| Data shown |

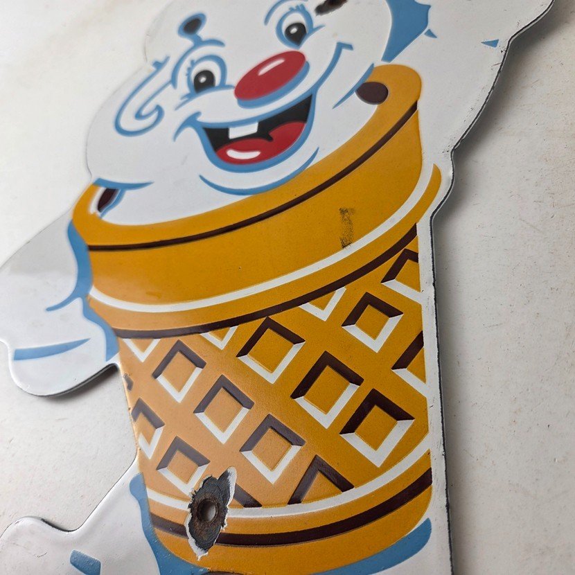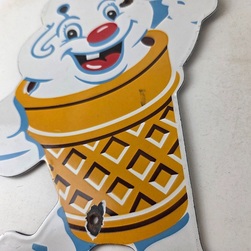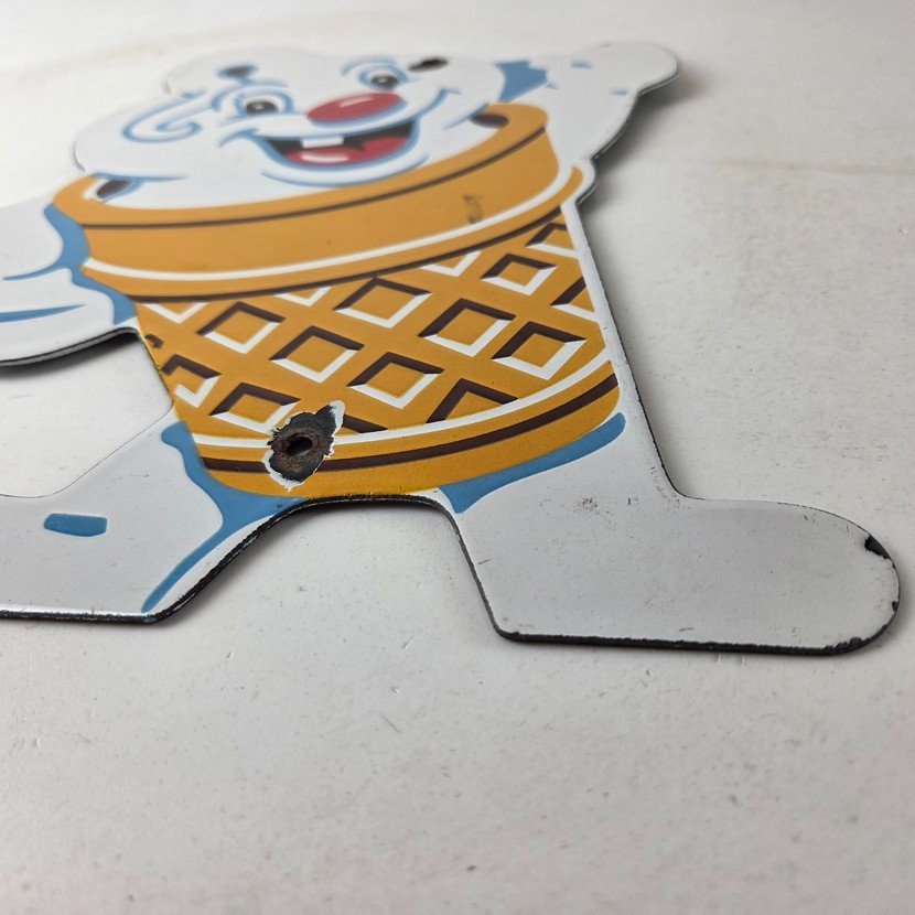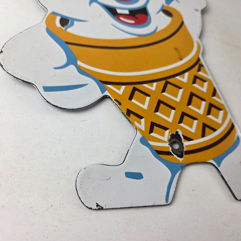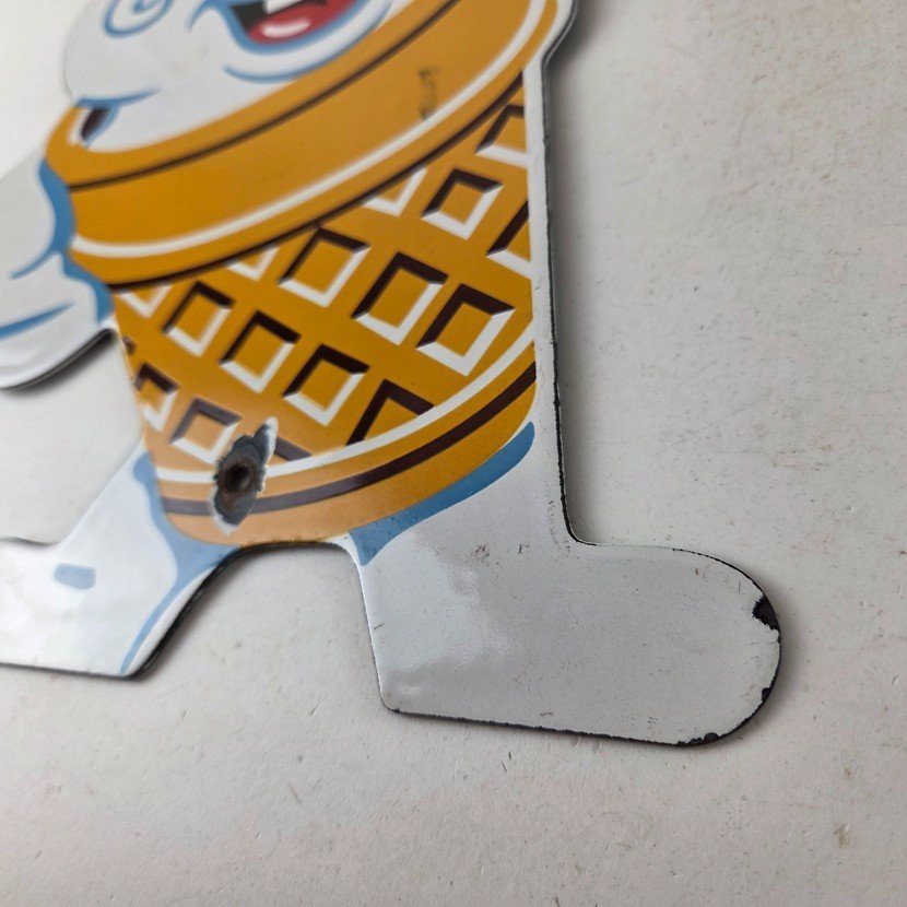 This vintage Fosters Freeze porcelain sign features the iconic Ice Cream cone. This sign is perfect for any Ice Cream cone fan or collector of memorabilia. This sign has high-quality porcelain on both sides and measures at 11″ by 8 1/2″.
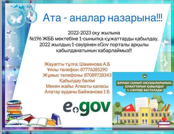 2022 жылдың 1 сәуірінен бастап қаланың бірінші сыныптарына қабылдау басталады. Мемлекет меншігіндегі орта білім беру ұйымдарына қабылдау электрондық нұсқада https://egov.kz/ электрондық үкімет порталында жүргізіледі.
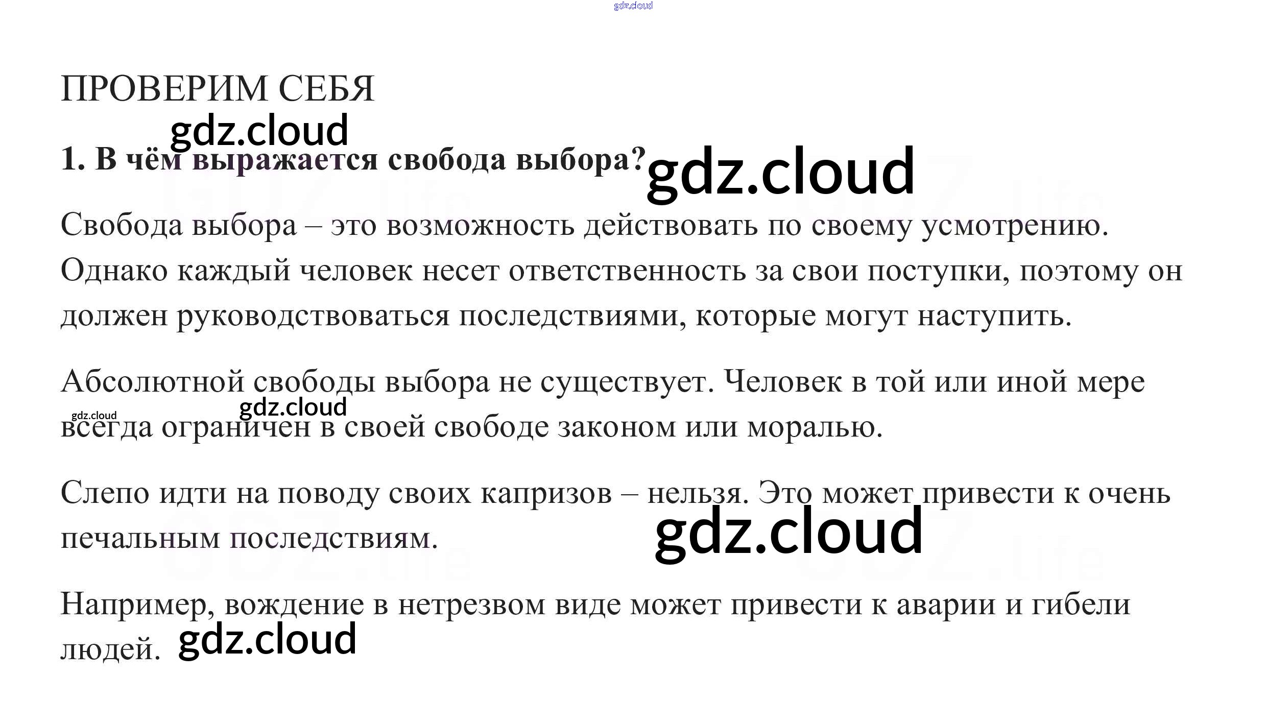 Проверим себя §9. Моральный выбор - это ответственность по Обществознанию 8 класс Учебник Боголюбов Академический школьный учебник Просвещение
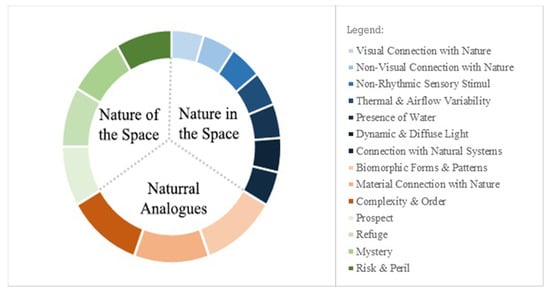 The benefits of biophilia can be achieved in urban spaces if cities are designed based on integrating nature into man-made environments. To adapt this Kellert, in 2011, suggested biophilic design; this was then promoted and applied by Beatley and Newman in 2011 and 2014 respectively, which means it is not an old concept compared to other design concepts [22,25,26]. Kellert and Calabrese (2015), in their Practice of Biophilic Design, suggested fundamental rules for the effective practice of such design [27]. They highlighted that biophilic design should sustain engagement with nature, encourage emotional attachment to place and setting, and promote an expanded sense of relationship and responsibility for both human and natural communities. This, in the end, requires integrated architectural and urban solutions. Such ideas could be implemented, for example, through the fourteen “patterns of biophilic design” [28]. These patterns are fundamentally categorised under the headings of Nature in the Spaces, Natural Analogues, and Nature of the Space, as shown in Figure 1 [28]. Regarding Nature in the space, this approach emphasizes adding seven design patterns that connect humans with nature through scenes or feelings from nature, such as visual/non-visual connections, the presence of water, and the variability of nature in terms of lighting, thermal and airflow. On the other hand, patterns regarding Natural Analogues are added through biomorphic forms by using natural materials or mimicking nature’s complexity and order. Biophilic design pattern can complexify to further ideas and include Nature of the Space, such as the mystery of space, refuge, prospect, risk, and peril.
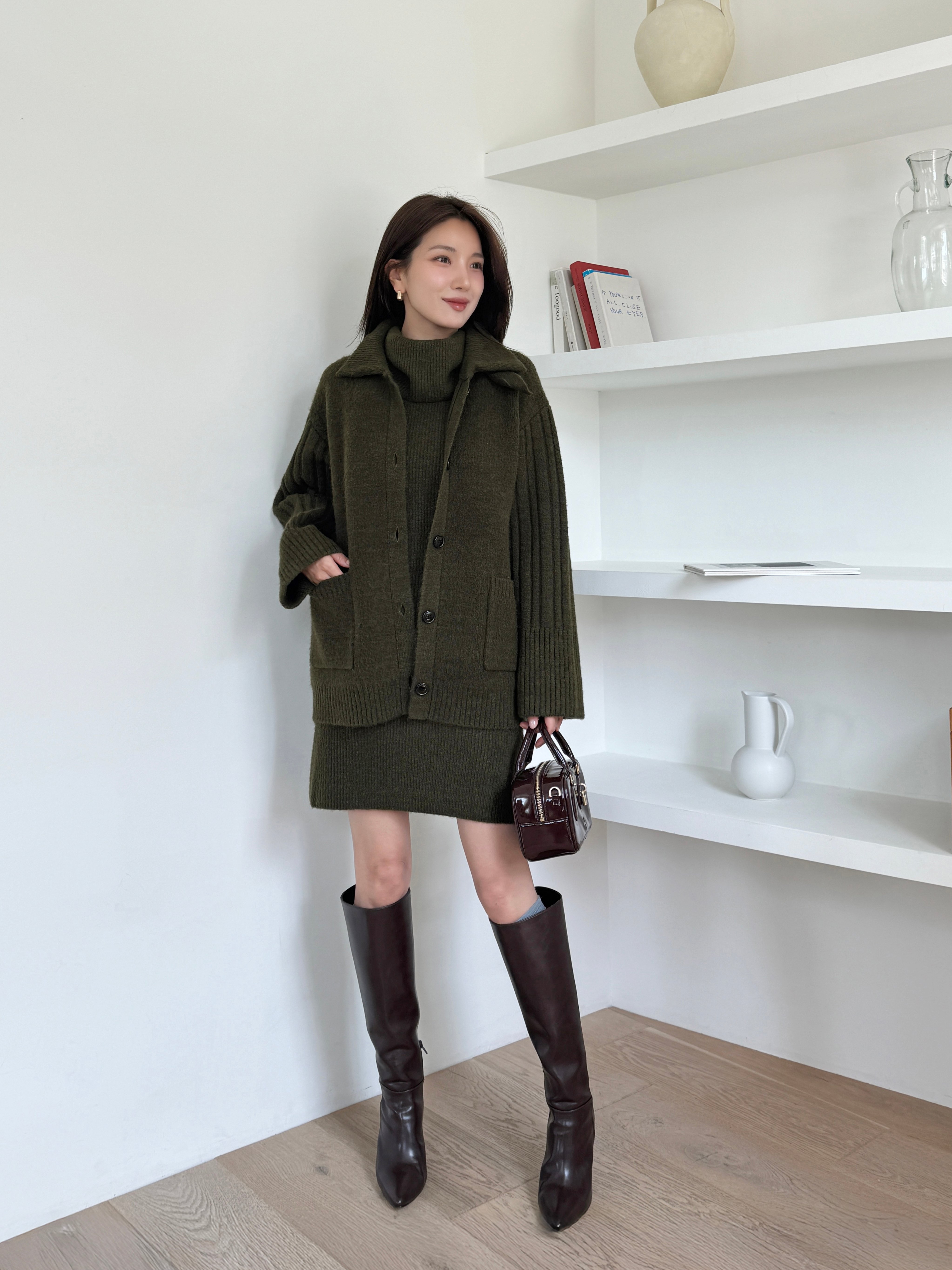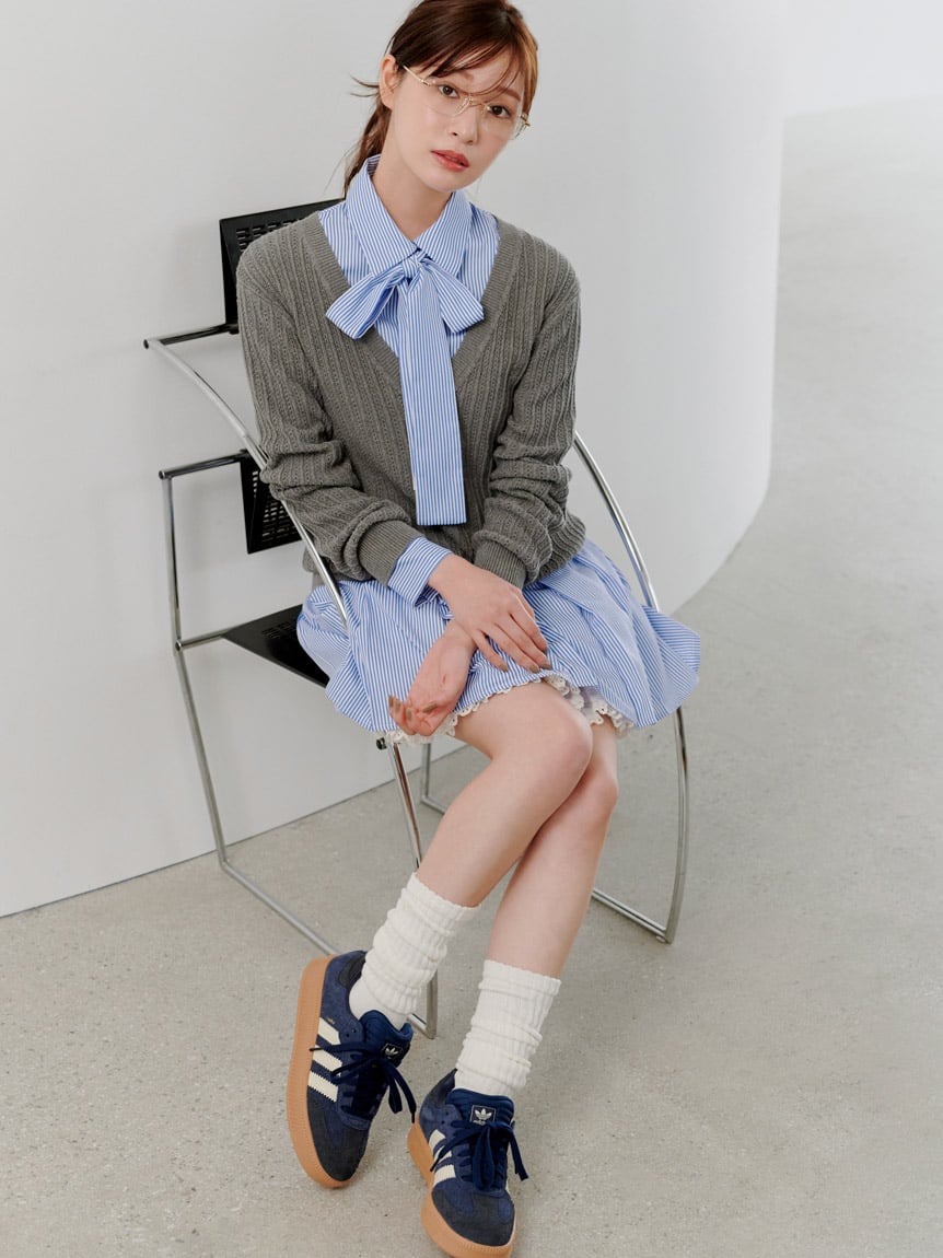V領針織&蝴蝶結襯衫連身裙SET SWNT254231

| Required action |
For this exercise, retype the data above exactly and skip every image.

| Solved exercise |
 This vintage Fosters Freeze porcelain sign features the iconic Ice Cream cone. This sign is perfect for any Ice Cream cone fan or collector of memorabilia. This sign has high-quality porcelain on both sides and measures at 11″ by 8 1/2″.
 2022 жылдың 1 сәуірінен бастап қаланың бірінші сыныптарына қабылдау басталады. Мемлекет меншігіндегі орта білім беру ұйымдарына қабылдау электрондық нұсқада https://egov.kz/ электрондық үкімет порталында жүргізіледі.
 Проверим себя §9. Моральный выбор - это ответственность по Обществознанию 8 класс Учебник Боголюбов Академический школьный учебник Просвещение
 The benefits of biophilia can be achieved in urban spaces if cities are designed based on integrating nature into man-made environments. To adapt this Kellert, in 2011, suggested biophilic design; this was then promoted and applied by Beatley and Newman in 2011 and 2014 respectively, which means it is not an old concept compared to other design concepts [22,25,26]. Kellert and Calabrese (2015), in their Practice of Biophilic Design, suggested fundamental rules for the effective practice of such design [27]. They highlighted that biophilic design should sustain engagement with nature, encourage emotional attachment to place and setting, and promote an expanded sense of relationship and responsibility for both human and natural communities. This, in the end, requires integrated architectural and urban solutions. Such ideas could be implemented, for example, through the fourteen “patterns of biophilic design” [28]. These patterns are fundamentally categorised under the headings of Nature in the Spaces, Natural Analogues, and Nature of the Space, as shown in Figure 1 [28]. Regarding Nature in the space, this approach emphasizes adding seven design patterns that connect humans with nature through scenes or feelings from nature, such as visual/non-visual connections, the presence of water, and the variability of nature in terms of lighting, thermal and airflow. On the other hand, patterns regarding Natural Analogues are added through biomorphic forms by using natural materials or mimicking nature’s complexity and order. Biophilic design pattern can complexify to further ideas and include Nature of the Space, such as the mystery of space, refuge, prospect, risk, and peril.
V領針織&蝴蝶結襯衫連身裙SET SWNT254231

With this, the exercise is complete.